The Lost-in-the-Middle Effect
Research consistently shows Claude’s attention is non-uniform across long contexts:
Attention level across context position:
High ▓▓▓▓▓▓▓░░░░░░░░░░░░░░░░░░░░░░░░░░░░░░░░░▓▓▓▓▓▓▓
│ │
START MIDDLE END
(System (Tool results, (Recent
prompt, history) message)
key rules)
Low ░░░░░░░░░░░░░░░░░░▓▓▓▓▓░░░░░░░░░░░░░░░░░░░░░░░░░
Important instructions buried in the middle of 100k tokens of tool results get deprioritized. This is why:
- Critical rules belong in the system prompt (start)

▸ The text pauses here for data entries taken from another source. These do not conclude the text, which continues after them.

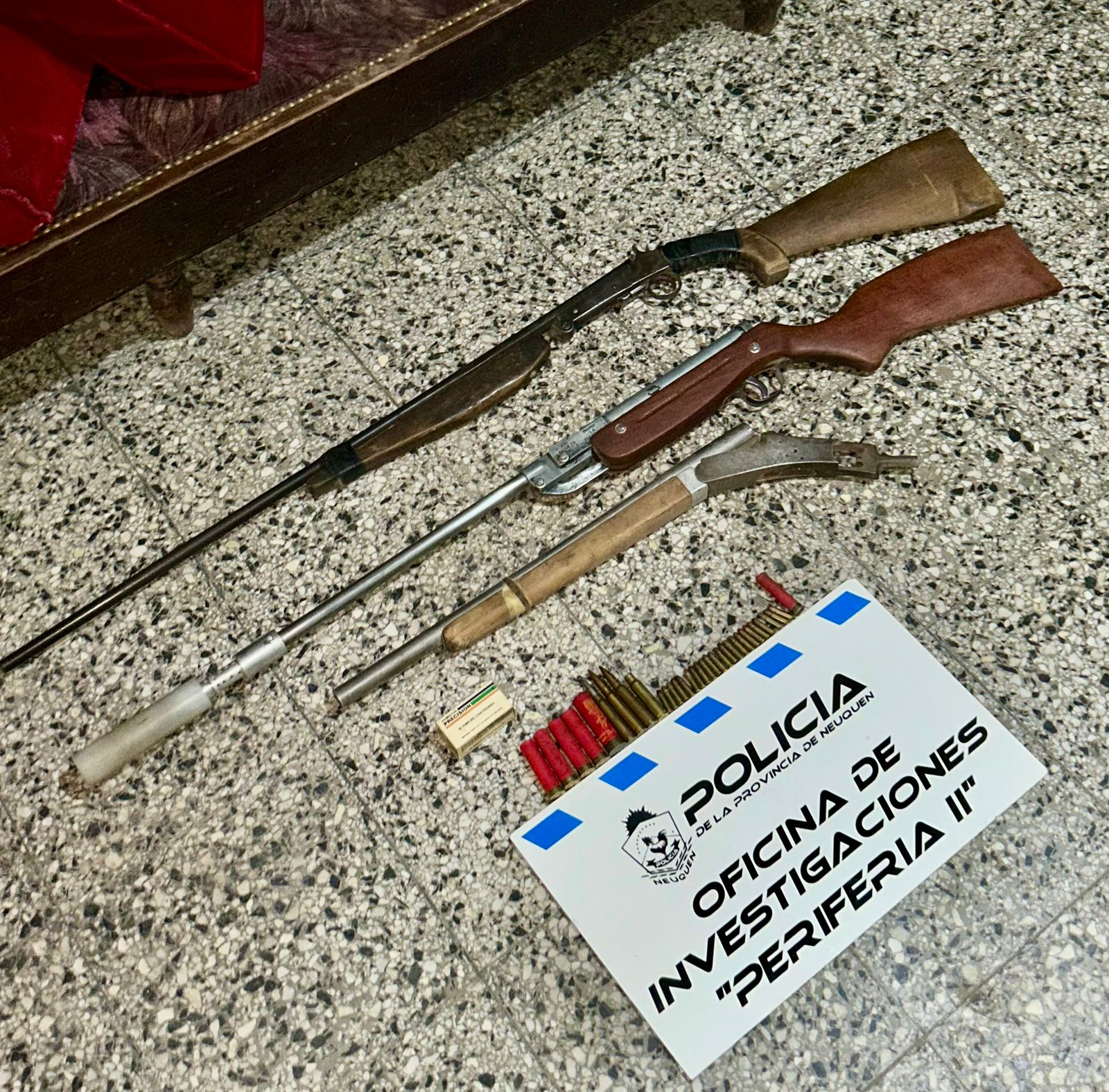 Con la intervención de la Unidad Fiscal de Robos y Hurtos fue autorizado un allanamiento el cual concretó el miércoles 07 personal de la Oficina de Investigaciones de la Zona Periferia II. En el lugar pudieron recuperar el auto el cual estaba tapado con una lona, además procedieron a la demora de un hombre de 70 años de edad y hallaron prendas de vestir, documentación del rodado y también una escopeta calibre 14, una carabina calibre 22, una recortada y cartuchos de distintos calibres como 762 y 36.
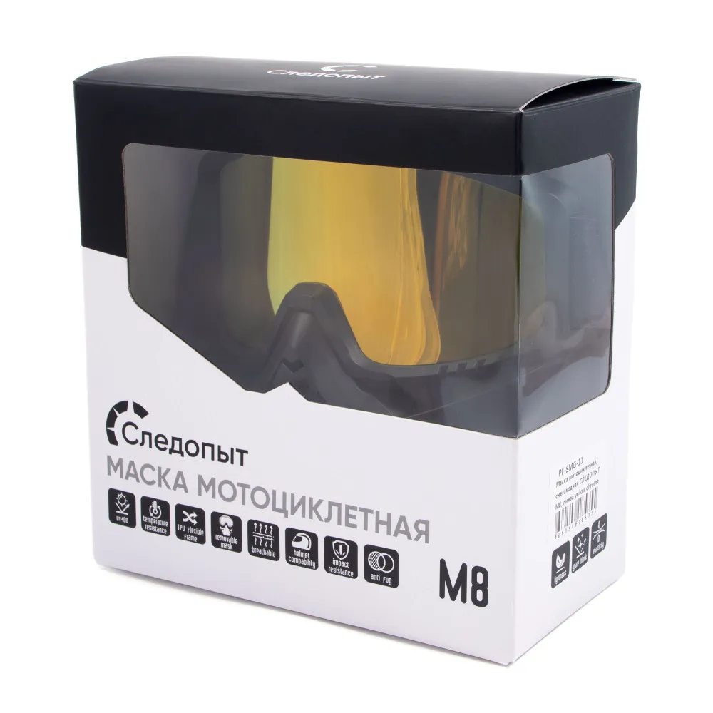 Маска мотоциклетная/снегоходная Следопыт M8, линза yellow chrome
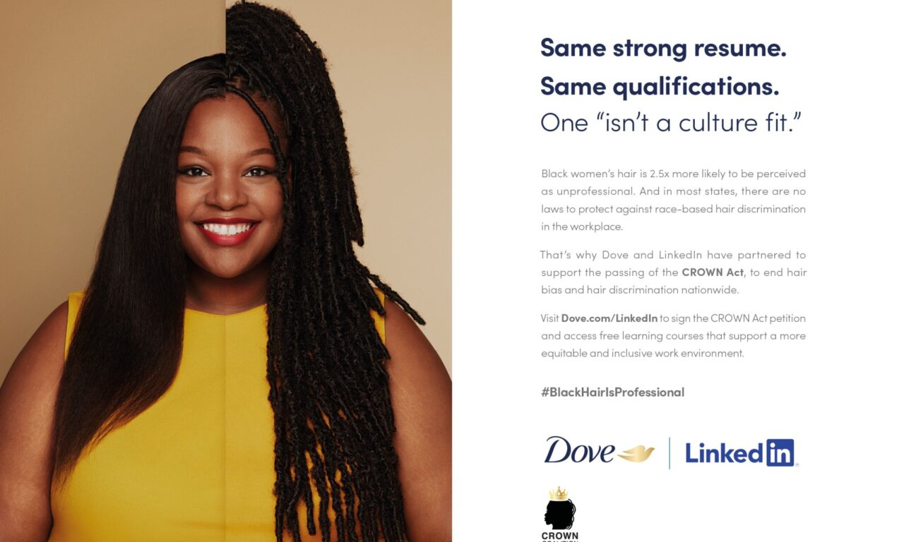 «El objetivo de la alianza entre Dove y LinkedIn es ayudar a poner fin a la discriminación por el cabello asociada a la raza en el lugar de trabajo. Pretendemos sacar a relucir este tema e instamos a los empleadores, gerentes de contratación y profesionales a adoptar prácticas equitativas e inclusivas que creen un mundo respetuoso y abierto para el cabello natural». Agregó.

- Key context belongs near the current message (end)
- Verbose intermediate results belong summarized or external
What Fills Context Fastest
# Rank by context consumption per operation:
1. Database query results (full rows): 5,000–50,000 tokens
2. File contents (large files): 2,000–20,000 tokens
3. API responses (verbose JSON): 1,000–10,000 tokens
4. Web search results (full pages): 2,000–8,000 tokens
5. Prior conversation turns: 100–500 tokens each
6. Tool descriptions: 50–200 tokens each
Monitoring Context Usage
def estimate_context_usage(messages: list, tools: list) -> dict:
"""Rough token estimate before API call."""
import anthropic
# Use the tokenizer to count
client = anthropic.Anthropic()
# Count message tokens
total = sum(
len(msg["content"]) // 4 # ~4 chars per token approximation
for msg in messages
if isinstance(msg.get("content"), str)
)
# Count tool definition tokens
tool_tokens = sum(len(str(t)) // 4 for t in tools)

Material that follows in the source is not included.